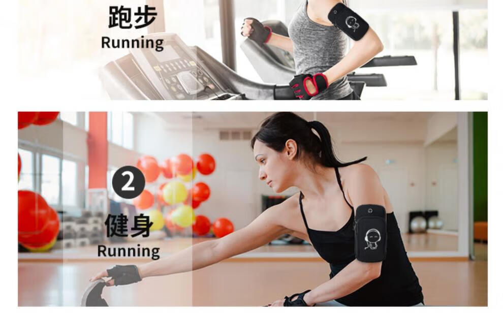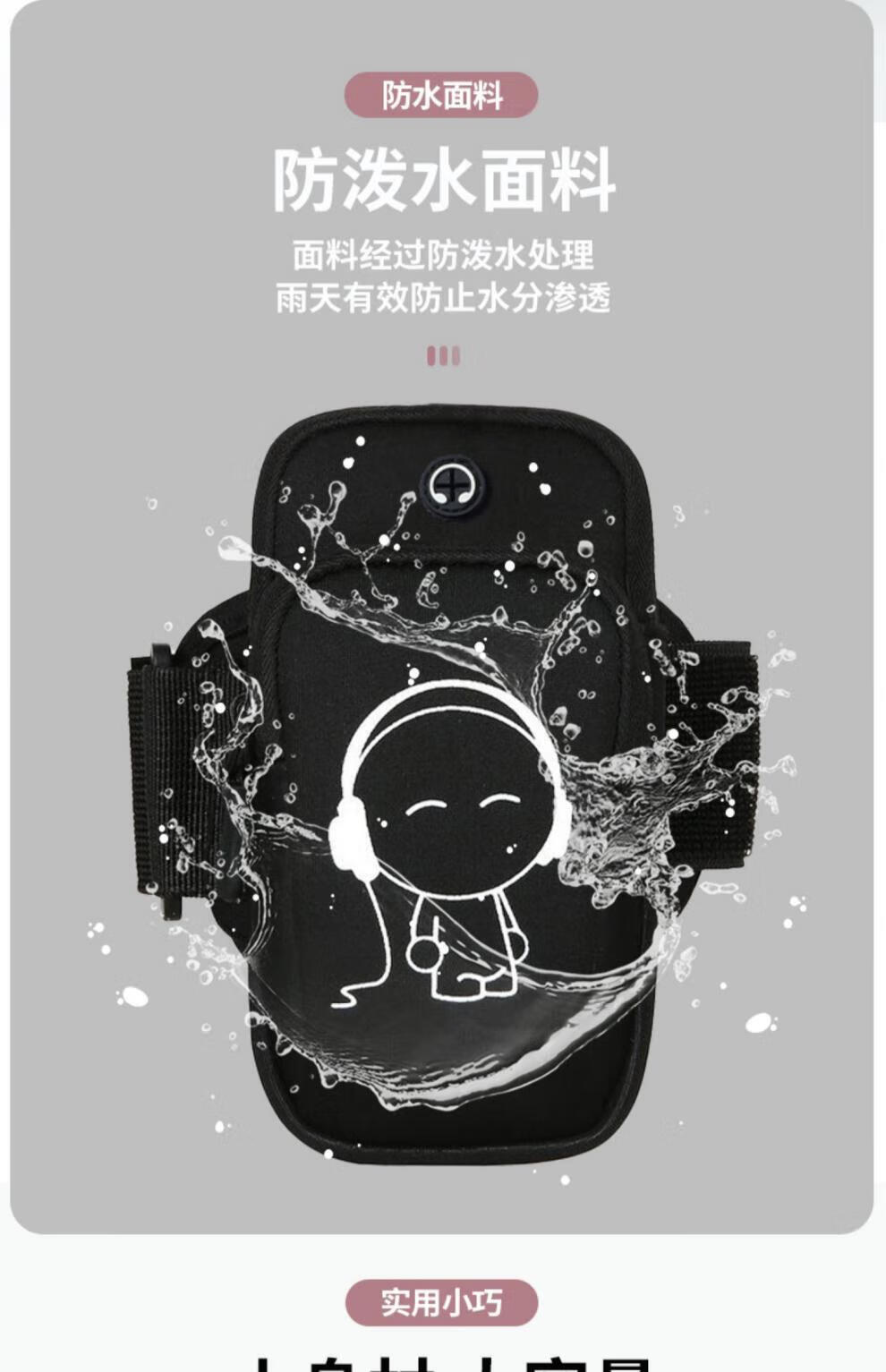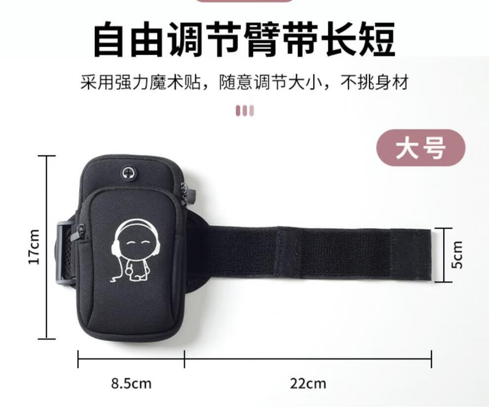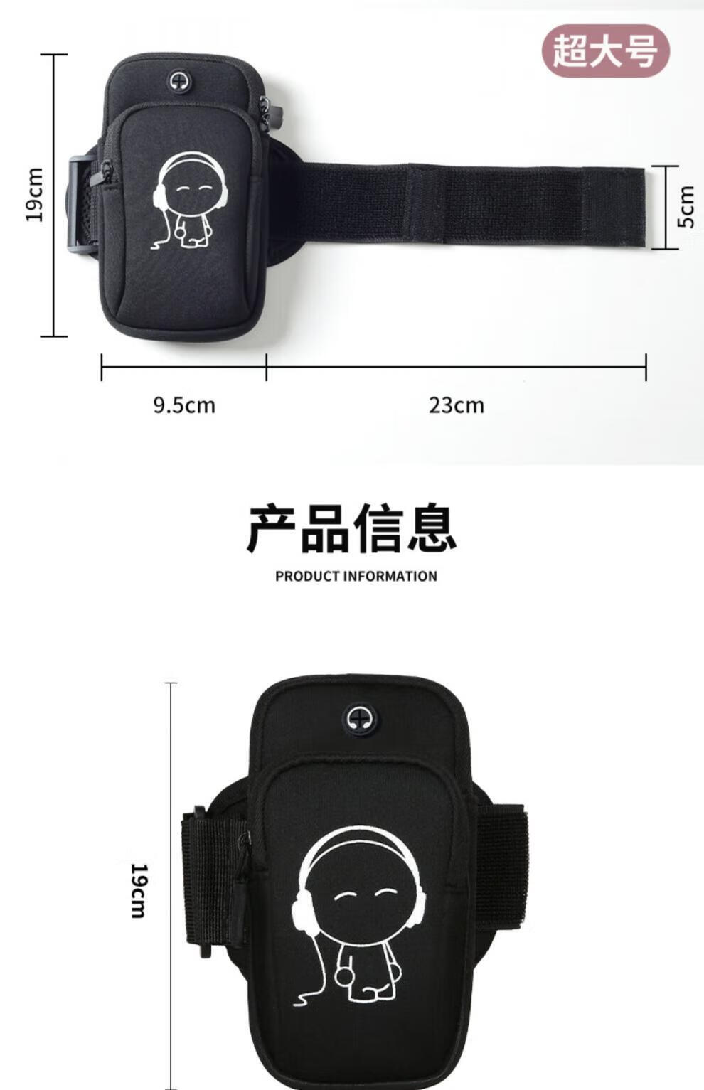Running mobile phone bag arm bag arm wrist men's equipment mobile phone bag fitness sports mobile phone arm cover a large black (luminous music expert)
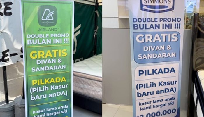 Di Bojong Gede Bogor lagi ada event menarik, kapan lagi beli kasur tapi bayarnya tuker tambah dijamin bakal untung banget karena kasur bekas kalian dihargain sampe dengan 2 juta loh! Event PILKADA ini menawarkan berbagai koleksi kasur dan springbed dari brand-brand ternama seperti Slumberland, Airland, Simmons, Elite, Serenity, Floresta, hingga Royal Foam yang dipakai di kasur-kasur hotel bintang 5.
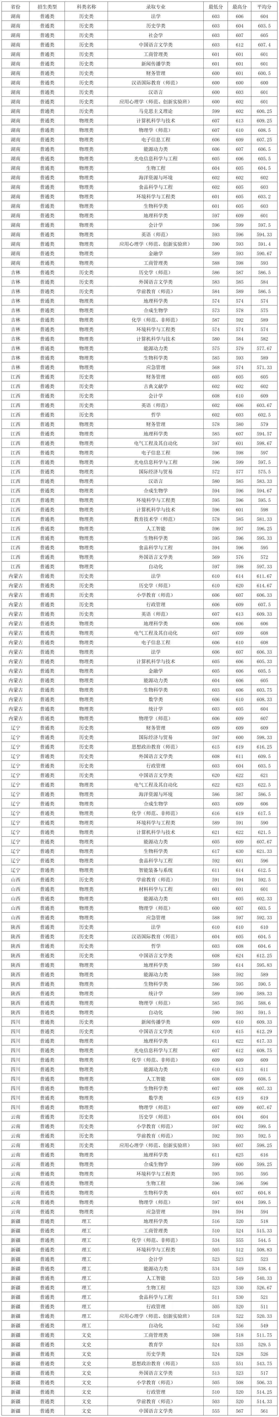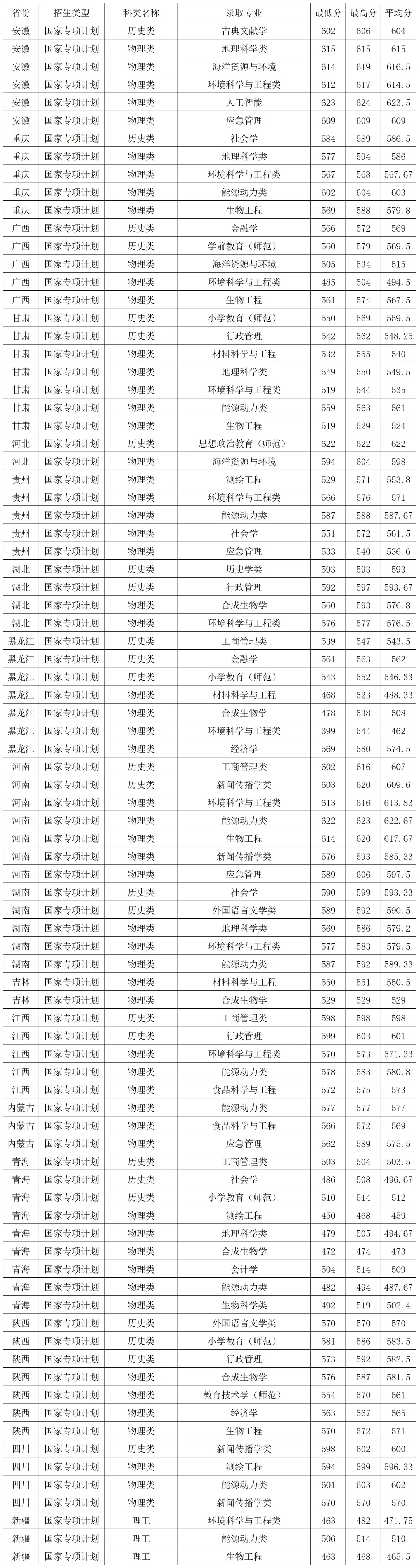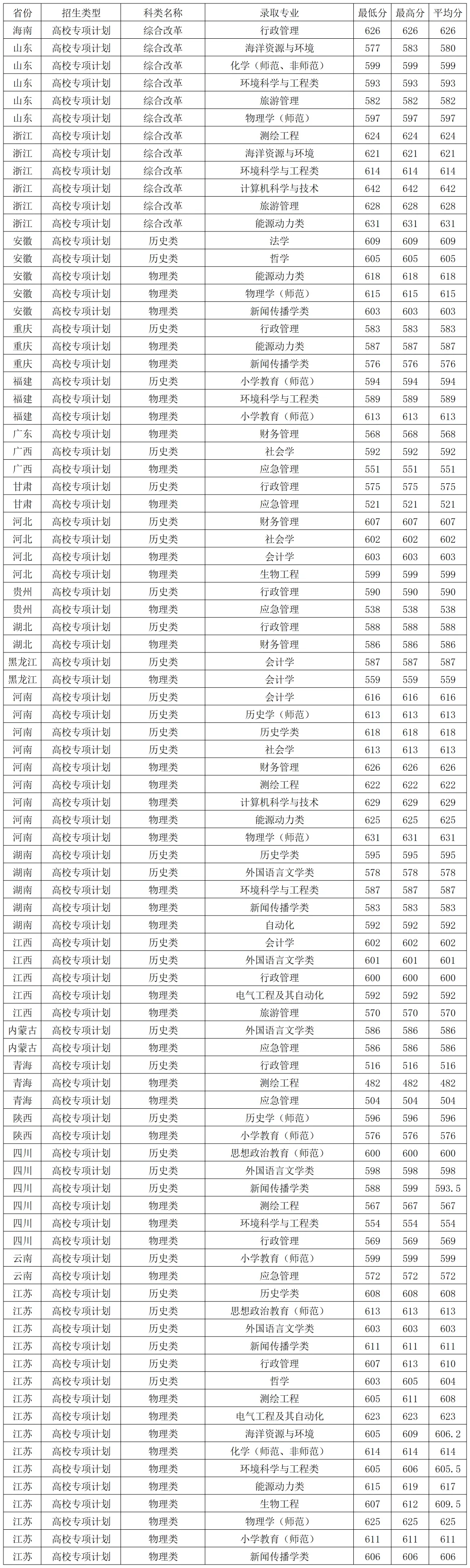 南京师范大学2025年国家专项在各省各专业录取分数线
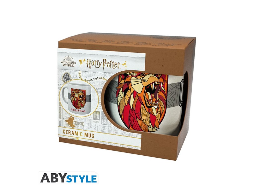 Kvalitní keramický hrnek v papírové krabičce - pěkné dárkové balení pro fanouška bradavické koleje Nebelvír.
+--
Assignment: Keep the pictures out of the copy and write out the data exactly as it stands.

Task output:
Running mobile phone bag arm bag arm wrist men's equipment mobile phone bag fitness sports mobile phone arm cover a large black (luminous music expert)
 Di Bojong Gede Bogor lagi ada event menarik, kapan lagi beli kasur tapi bayarnya tuker tambah dijamin bakal untung banget karena kasur bekas kalian dihargain sampe dengan 2 juta loh! Event PILKADA ini menawarkan berbagai koleksi kasur dan springbed dari brand-brand ternama seperti Slumberland, Airland, Simmons, Elite, Serenity, Floresta, hingga Royal Foam yang dipakai di kasur-kasur hotel bintang 5.
 南京师范大学2025年国家专项在各省各专业录取分数线
 Kvalitní keramický hrnek v papírové krabičce - pěkné dárkové balení pro fanouška bradavické koleje Nebelvír.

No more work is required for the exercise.